(EXERCISE BRIEF)
Once the line with "God's loyal followers" is reached, output it and every line after it, exactly, through the end of the records below. Pictures are skipped.

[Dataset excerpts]
===============
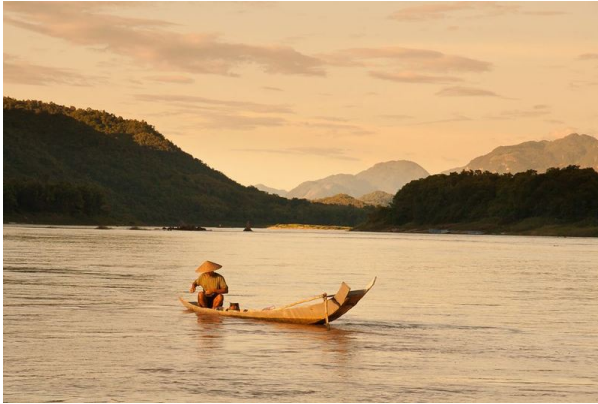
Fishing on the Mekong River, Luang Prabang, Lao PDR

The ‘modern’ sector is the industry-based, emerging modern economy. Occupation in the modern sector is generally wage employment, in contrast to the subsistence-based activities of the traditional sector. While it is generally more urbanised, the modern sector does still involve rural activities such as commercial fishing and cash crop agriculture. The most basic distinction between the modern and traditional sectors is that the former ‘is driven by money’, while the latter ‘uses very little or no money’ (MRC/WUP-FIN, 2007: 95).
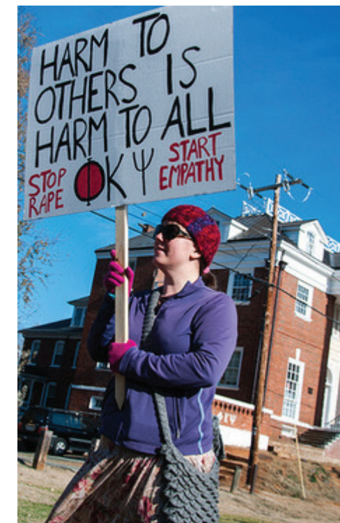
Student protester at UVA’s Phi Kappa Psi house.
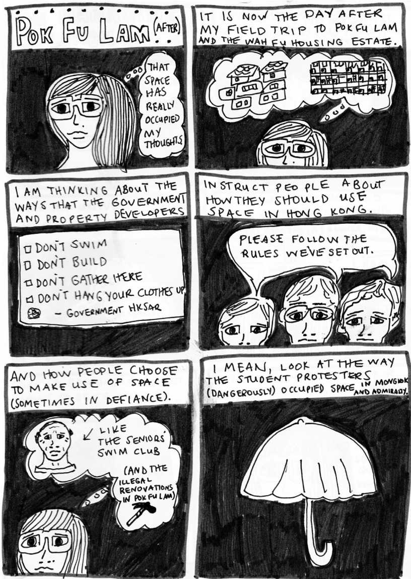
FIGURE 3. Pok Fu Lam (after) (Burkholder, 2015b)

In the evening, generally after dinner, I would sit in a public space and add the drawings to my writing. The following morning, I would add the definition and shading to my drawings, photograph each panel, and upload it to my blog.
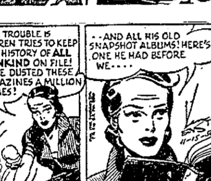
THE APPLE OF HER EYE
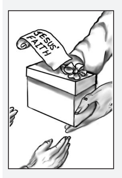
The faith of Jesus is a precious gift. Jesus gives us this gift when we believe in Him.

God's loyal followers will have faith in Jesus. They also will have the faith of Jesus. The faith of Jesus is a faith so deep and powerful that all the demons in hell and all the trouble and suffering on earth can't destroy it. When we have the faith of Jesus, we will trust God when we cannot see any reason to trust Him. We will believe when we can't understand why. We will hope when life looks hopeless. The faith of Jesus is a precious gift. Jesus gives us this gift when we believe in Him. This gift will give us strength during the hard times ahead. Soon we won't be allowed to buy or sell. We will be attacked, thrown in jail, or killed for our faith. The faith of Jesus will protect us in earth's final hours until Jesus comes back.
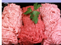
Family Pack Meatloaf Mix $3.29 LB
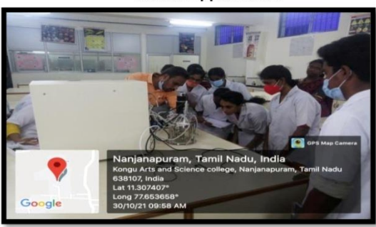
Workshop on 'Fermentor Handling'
===============
(RESULT OF THIS TASK)
God's loyal followers will have faith in Jesus. They also will have the faith of Jesus. The faith of Jesus is a faith so deep and powerful that all the demons in hell and all the trouble and suffering on earth can't destroy it. When we have the faith of Jesus, we will trust God when we cannot see any reason to trust Him. We will believe when we can't understand why. We will hope when life looks hopeless. The faith of Jesus is a precious gift. Jesus gives us this gift when we believe in Him. This gift will give us strength during the hard times ahead. Soon we won't be allowed to buy or sell. We will be attacked, thrown in jail, or killed for our faith. The faith of Jesus will protect us in earth's final hours until Jesus comes back.
Family Pack Meatloaf Mix $3.29 LB
Workshop on 'Fermentor Handling'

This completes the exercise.